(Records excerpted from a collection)
++++++++

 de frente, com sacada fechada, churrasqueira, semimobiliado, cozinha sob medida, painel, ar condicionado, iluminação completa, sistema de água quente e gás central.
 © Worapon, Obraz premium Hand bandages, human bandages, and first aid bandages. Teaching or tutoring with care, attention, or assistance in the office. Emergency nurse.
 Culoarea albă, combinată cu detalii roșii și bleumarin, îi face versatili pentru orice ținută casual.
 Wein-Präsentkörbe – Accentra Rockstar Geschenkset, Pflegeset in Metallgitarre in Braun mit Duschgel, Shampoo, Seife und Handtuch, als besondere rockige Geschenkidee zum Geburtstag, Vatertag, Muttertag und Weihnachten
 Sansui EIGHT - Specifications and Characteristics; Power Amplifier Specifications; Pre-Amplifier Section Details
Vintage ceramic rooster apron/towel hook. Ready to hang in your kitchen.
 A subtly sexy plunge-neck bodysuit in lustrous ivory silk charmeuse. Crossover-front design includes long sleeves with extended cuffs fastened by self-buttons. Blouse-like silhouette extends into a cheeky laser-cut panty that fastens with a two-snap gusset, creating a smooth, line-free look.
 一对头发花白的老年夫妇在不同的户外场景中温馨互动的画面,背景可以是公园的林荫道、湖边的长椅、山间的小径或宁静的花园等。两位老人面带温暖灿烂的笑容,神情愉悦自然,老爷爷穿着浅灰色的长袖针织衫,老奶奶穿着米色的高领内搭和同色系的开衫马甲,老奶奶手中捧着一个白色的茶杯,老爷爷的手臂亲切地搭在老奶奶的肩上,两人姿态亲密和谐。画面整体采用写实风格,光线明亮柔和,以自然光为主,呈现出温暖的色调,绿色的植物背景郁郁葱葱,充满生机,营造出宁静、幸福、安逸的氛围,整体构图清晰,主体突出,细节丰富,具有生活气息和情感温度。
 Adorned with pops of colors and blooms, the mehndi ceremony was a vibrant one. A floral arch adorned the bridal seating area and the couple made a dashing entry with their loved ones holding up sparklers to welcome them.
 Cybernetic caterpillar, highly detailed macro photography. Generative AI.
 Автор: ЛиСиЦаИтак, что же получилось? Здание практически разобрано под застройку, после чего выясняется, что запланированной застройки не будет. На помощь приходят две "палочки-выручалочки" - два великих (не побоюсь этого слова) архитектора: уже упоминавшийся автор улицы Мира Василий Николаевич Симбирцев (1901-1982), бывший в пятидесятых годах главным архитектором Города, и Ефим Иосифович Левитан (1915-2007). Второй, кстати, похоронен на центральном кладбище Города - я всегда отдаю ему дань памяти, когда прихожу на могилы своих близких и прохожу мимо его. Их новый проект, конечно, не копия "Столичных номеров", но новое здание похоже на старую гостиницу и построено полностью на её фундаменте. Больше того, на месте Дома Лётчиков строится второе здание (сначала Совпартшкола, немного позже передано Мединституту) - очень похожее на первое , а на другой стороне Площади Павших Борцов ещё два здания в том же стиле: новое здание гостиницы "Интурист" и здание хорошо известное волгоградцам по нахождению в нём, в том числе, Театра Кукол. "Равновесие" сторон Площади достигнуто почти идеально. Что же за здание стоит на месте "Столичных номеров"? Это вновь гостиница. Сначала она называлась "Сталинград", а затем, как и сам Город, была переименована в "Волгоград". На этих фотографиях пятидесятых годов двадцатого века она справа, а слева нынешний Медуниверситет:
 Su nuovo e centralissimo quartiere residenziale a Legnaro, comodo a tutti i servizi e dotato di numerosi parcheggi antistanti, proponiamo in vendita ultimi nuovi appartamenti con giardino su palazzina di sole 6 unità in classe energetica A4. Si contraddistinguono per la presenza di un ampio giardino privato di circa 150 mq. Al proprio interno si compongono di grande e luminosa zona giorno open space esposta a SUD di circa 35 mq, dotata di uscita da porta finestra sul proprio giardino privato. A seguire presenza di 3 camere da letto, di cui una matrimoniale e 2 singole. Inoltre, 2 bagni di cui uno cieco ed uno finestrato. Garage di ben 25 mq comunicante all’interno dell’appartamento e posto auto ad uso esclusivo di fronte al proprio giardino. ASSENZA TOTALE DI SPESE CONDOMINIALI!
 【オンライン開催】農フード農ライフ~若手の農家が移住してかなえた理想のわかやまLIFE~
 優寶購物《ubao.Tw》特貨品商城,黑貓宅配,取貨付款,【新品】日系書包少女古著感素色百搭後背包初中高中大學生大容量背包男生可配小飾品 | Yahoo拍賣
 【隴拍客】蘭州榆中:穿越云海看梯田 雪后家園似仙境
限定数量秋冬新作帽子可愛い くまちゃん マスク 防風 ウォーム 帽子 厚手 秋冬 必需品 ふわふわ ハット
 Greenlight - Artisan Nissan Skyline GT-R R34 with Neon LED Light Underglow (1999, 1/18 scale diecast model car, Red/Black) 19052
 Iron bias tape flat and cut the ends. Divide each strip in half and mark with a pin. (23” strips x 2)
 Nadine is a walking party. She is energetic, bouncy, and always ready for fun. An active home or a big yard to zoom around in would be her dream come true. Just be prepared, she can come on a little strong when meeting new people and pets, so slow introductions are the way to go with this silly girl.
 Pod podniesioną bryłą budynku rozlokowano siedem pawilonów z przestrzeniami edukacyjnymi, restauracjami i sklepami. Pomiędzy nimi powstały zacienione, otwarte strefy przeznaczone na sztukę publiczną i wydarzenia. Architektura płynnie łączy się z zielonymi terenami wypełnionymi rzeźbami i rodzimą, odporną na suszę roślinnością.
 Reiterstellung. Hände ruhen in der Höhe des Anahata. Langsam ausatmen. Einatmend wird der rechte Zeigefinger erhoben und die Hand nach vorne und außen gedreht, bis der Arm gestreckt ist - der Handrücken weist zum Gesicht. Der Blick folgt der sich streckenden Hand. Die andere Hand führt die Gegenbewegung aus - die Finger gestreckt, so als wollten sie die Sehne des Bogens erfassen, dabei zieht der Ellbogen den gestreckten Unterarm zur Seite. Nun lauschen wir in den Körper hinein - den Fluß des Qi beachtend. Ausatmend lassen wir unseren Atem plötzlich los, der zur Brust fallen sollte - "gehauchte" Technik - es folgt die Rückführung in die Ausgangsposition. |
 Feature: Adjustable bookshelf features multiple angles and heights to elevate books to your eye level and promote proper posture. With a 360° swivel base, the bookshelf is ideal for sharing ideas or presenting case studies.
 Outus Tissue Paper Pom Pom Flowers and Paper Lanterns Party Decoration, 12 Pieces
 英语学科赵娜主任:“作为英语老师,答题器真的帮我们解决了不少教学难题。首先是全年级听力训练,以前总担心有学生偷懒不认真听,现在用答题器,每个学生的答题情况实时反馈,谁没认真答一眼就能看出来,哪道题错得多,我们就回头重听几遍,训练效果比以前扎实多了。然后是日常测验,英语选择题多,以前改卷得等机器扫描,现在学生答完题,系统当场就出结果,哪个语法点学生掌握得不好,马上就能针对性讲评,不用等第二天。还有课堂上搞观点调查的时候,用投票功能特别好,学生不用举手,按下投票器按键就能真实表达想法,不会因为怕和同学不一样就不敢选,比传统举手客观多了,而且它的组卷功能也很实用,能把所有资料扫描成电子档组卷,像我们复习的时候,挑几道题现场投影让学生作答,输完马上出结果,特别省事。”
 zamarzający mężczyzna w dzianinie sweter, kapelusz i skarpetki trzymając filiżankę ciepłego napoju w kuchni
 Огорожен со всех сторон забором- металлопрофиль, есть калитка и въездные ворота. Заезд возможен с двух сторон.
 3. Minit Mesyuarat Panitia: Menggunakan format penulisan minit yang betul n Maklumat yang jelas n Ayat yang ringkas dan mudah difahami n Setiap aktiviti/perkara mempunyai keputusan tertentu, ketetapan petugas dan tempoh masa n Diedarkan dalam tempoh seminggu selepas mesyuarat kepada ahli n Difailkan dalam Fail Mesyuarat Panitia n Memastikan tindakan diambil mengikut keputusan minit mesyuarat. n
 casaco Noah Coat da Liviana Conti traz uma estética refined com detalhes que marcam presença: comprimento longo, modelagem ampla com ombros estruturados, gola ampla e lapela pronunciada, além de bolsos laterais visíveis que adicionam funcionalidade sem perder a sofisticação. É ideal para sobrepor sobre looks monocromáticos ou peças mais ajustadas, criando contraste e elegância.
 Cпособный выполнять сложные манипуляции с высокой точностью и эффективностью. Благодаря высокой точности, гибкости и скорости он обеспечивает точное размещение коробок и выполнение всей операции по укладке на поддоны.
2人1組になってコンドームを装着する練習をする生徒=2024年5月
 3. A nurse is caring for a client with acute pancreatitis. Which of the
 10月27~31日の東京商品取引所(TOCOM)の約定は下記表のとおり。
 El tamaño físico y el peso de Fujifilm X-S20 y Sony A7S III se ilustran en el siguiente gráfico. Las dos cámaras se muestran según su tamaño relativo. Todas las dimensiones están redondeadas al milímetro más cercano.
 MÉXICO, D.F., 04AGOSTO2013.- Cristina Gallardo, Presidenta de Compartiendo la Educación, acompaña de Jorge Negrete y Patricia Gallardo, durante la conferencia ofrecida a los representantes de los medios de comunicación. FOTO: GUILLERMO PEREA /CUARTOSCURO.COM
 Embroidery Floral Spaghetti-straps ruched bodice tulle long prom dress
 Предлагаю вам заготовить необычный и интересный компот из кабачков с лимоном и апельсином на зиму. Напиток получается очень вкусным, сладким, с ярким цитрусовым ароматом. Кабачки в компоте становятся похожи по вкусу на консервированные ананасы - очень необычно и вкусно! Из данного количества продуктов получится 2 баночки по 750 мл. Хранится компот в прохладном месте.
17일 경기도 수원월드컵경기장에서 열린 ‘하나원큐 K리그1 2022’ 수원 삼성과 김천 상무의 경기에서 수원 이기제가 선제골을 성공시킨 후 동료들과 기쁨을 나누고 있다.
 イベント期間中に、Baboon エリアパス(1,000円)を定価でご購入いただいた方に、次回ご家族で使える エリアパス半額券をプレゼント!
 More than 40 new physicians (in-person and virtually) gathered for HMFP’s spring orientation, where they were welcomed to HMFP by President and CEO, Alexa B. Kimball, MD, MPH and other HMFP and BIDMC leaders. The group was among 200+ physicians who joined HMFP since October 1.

++++++++

[PROBLEM TO WORK ON]:
Work through the entries, filtering for the string "your", and copy each line that holds it.

[OUTPUT FOR THIS TASK]:
Vintage ceramic rooster apron/towel hook. Ready to hang in your kitchen.
 Feature: Adjustable bookshelf features multiple angles and heights to elevate books to your eye level and promote proper posture. With a 360° swivel base, the bookshelf is ideal for sharing ideas or presenting case studies.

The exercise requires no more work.